Let’s Program A Compression Algorithm Part 5: In Which Compressed Files Are Decompressed And The Project Completed

A program that can only compress data is like a packing company that insists on hot gluing your boxes shut: Everything may look nice and neat and tidy but you’re going to be in a real pickle when you want to actually start using your stuff again.

Fortunately writing a decompression function will be pretty easy; after all it’s mostly just the function we already wrote but backwards.

What we want to accomplish boils down to:

1) Read our compressed file and turn it into a list of bits

2) See if the file starts with a 0 or a 1

3) If it starts with a 0 look up a byte value in our short-list table. Add this to output.

4) If it starts with a 1 discard the 1 and turn the next 8 bits into a byte. Add this to output.

5) Discard the bits we just used and then repeat our steps until we see our termination sequence

Step one needs almost no work at all. Our previously written file-to-compressed-bitlist can already read a file bit by bit and then output a bitlist. The only problem is that it creates that bitlist by translating raw bytes into compressing bit sequences. Since we are now reading compressed data we just want the raw bits and bytes which we can get by replacing the call to compress-byte with a call to byte-to-8-bit-list.

I suppose we’ll also have to chop off the final bit of code where we append our termination sequence to the file too. Instead we’ll just return the list we make.
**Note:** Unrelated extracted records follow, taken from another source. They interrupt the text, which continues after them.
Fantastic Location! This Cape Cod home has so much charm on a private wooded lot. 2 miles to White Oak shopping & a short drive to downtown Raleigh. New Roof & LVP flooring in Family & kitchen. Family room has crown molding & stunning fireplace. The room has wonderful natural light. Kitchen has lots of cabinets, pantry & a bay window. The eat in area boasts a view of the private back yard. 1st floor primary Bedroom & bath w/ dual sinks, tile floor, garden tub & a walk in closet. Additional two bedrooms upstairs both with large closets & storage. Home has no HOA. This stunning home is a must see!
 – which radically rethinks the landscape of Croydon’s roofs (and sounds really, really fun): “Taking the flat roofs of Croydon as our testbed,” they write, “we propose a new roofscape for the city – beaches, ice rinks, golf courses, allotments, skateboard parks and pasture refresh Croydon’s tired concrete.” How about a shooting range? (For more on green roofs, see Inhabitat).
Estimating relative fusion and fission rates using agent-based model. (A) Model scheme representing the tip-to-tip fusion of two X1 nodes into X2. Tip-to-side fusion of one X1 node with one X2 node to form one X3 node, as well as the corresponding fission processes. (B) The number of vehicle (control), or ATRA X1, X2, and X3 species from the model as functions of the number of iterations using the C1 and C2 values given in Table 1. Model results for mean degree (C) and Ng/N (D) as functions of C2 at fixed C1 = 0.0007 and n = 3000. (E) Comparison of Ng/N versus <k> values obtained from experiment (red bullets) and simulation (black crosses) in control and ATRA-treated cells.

This leads to our new file-to-bitlist function:

(defun file-to-bitlist (filename)
    (let ((bitlist '())
            (in (open filename :element-type '(unsigned-byte 8))))
        (when in
            (loop for testbyte = (read-byte in nil)
                while testbyte do (setf bitlist (append bitlist (byte-to-8-bit-list testbyte))))
        (close in))
        bitlist))

Now that we have our file in an easy to read and manipulate bit format we can assemble our function for decompressing it.
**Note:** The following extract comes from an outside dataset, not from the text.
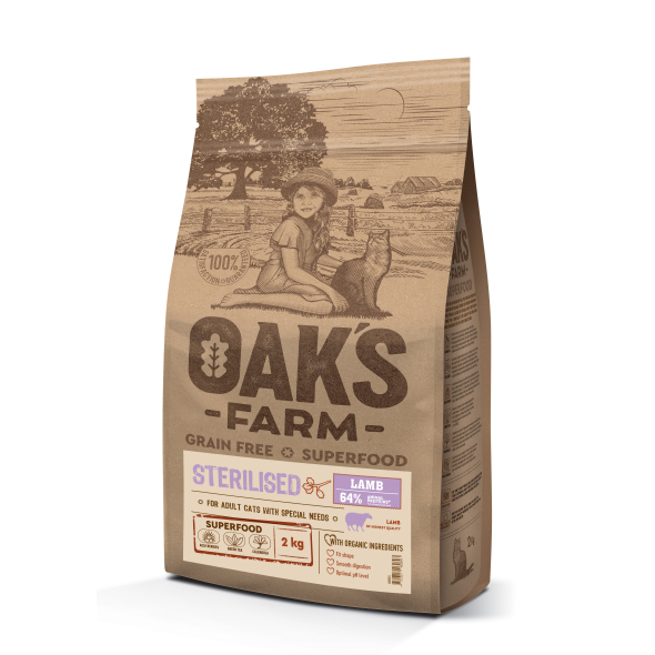 OAK'S FARM dry grain free food for adult cats after sterilisation with lamb 2 kg

Our decompression function needs to scan through the bit list and identify our special compressed codes. There are three types of codes we need to look for: Our 4 -bit short codes (that always start with 0), our 9-bit expanded codes (that always start with 1) and our termination code (which starts with a 1 and then has eight 0s).
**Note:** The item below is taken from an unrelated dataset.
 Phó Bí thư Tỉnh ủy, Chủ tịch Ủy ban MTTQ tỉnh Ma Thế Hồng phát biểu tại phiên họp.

We can take care of that easily enough with two nested if statements. Have some pseudo-code

if (bitlist starts with 0)
{
   do 4-bit shortcode logic
}
else{ //If bit list does not start with 0 it must start with 1
   if(bitlist starts with termination code)
   {
      finish up and close file
   }
   else //If it starts with 1 and is not the termination code it’s an expanded ASCII letter
   {
      do 9-bit expanded code logic.
   }
}

Simple enough. First we check if the next bit is a zero, which means we have a 4-bit shortcode we need to decompress. If the next bit isn’t zero it has to be a 1, which means it’s either a long code or our termination signal. We test for the termination signal first (otherwise we could never stop) and if we don’t find it we know we have a 9-bit expanded code that needs to be made normal.

To do this in Lisp we have to remember that every if statement has a sort of built in else.

(if (true/false)
   (do when true)
   (do when false))

So we can translate our pseudo-code into pseudo-lisp to get this:

(if (= 0 (first bitlist))
    (do short code logic here)
    (if (equals (subsequence bitlist 0 9) ‘(1 0 0 0 0 0 0 0 0))
        (finish things up here)
        (do expanded code logic here)))

Now we just need to wrap that up in a loop and fill in the logic bits and we’re home free.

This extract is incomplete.